Tuesday, April 10, 2012

A musing on language design - transparency v. readability

People who spend a lot of time thinking about programming languages (and, I think, even just programming) inevitably end up thinking about language design. There is some truism/quote floating around (which I couldn't be bothered to find) about every language theorist having a pet language design secretly hidden in their deepest thoughts. Sometimes that pet language emerges, for better or worse. I admit to having such a pet, but also realise my imagination of a language is nowhere near a real language and the amount of work required to make it real is immense. Also I think real language design is difficult and not very exciting -- too many 'little' decisions about whether an int should convert into a float, or how to handle data transfer between big-endian and little-endian systems, which make me want to bleed from my eyes.

ANYWAY, my musing was on transparency v. readability, which is a much more interesting design decision for a language, at the philosophical/fundamental level. At some point a language designer must aim for readability or 'write-ability'. Generally speaking, 'serious' programming languages (e.g., Java, C#) go for the former, scripting languages go for the latter. Of course everyone wants both, but there are some fundamental trade-offs and you have to privilege one or the other.

One place that this decision manifests is in the 'transparency' (I'm sure there's better word for this) of entities in your language. At one end of the spectrum is Java, where everything must be spelt out, arrays are very different from array-like objects (e.g., ArrayLists), primitives (e.g., int) are very different from primitive-like objects (e.g., BigDecimal), there is no operator overloading, but there are no surprises. C# makes things a little easier with delegates and getters and setters, but basically subscribes to the Java philosophy.

C++ is an interesting case, transparency is much more important here, operator overloading is very flexible and allows user-defined objects to be used (almost) exactly like built-in types, such as ints, arrays, and pointers. Unfortunately, there are a lot of rough edges and it is rare that the programmer can actually use objects like built-in types without having to think about it. Also, being allowed to override assignment etc. can lead to some really evil bugs.

There is a tradition, starting with Smalltalk, and present in most OO-languages to some extent, of "everything is an object". In practice this means there are no built-in types and instead one has object versions of things like arrays, coupled with some form of trickiness to make them easier to use, ideally as easy to use as built-in types should be. Such trickiness is often used to replace things like loops and other control structures with objects too. In theory it means the language can be transparently extended with new control structures. In practice, the trickiness is often difficult to understand, means there are multiple ways to get the same result, and makes the language more complex. Java uses a similar idea to support for each loops.

Scripting languages often take a similar approach, see Python and Javascript.

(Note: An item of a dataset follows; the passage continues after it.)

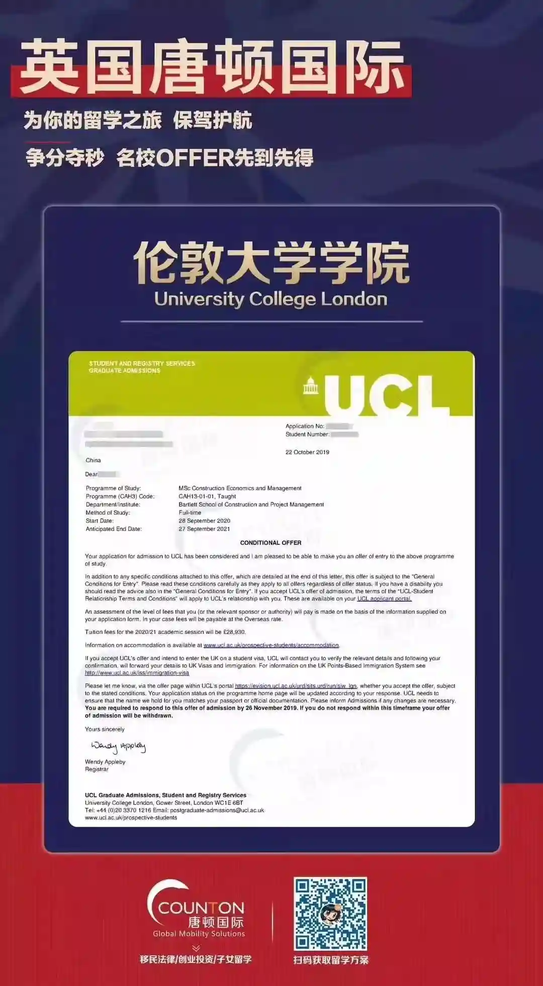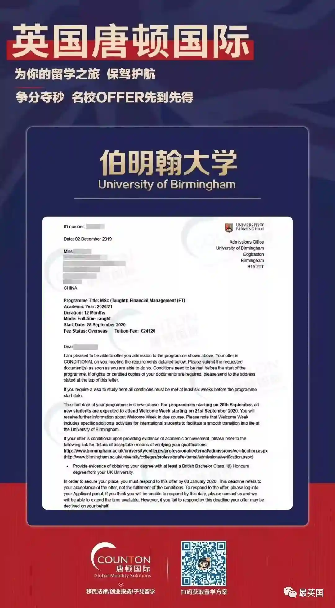 目前,英国大学2020硕士申请正在火热进行中,如果同学们对留学有任何疑问,欢迎添加小唐/海外counton08详询~

Here many things (e.g., arrays, dictionaries) are ordinary objects, but not quite - the trickiness rears its head so that arrays can be used like a programmer might expect, and you end up with layers of hidden methods and meta-methods, and so forth, which make the language easy to use for casual programmers and allow lots of tricksy programming for those willing to get their hands dirty. This might be a good approach, but this kind of transparency is hardly elegant (well, I guess it kind of is, or neat at least), and the languages are far from simple, or easy to understand in an holistic way.

These scripting languages and those in the Smalltalk tradition (Self, Grace) kind of fill the other end of the spectrum. However, as you can see, it is not really a linear scale from readability to transparency, more different approaches to the same problem, on some multi-dimensional axes.

Is there an optimal solution? Probably not, after all, different languages are used for different purposes. As scripting languages are more and more used for large programs and not just small scripts, I think that a focus on transparency might turn out to have been a poor decision. But there are many other decisions in scripting language design which will turn out to be poor in this situation too.

Perhaps a good question to ask is, is there a problem? Do we really need elegant languages? Could we have a language which was not elegant, i.e., many special cases, lots of different classes of entities, little unification, perhaps that lacked certain kins of transparency, but that was pleasant to write programs in and to read? (Is this in fact, Java or C++) Possibly not, having universal concepts make a language fundamentally easier to understand, but it is also possible that we have gone too far (I'm not definitely saying we have). Are there corpus studies that have investigated how often programmers actually need to mimic built-in types? Is there some compromise level of operator overloading that makes things easier than any of the current positions?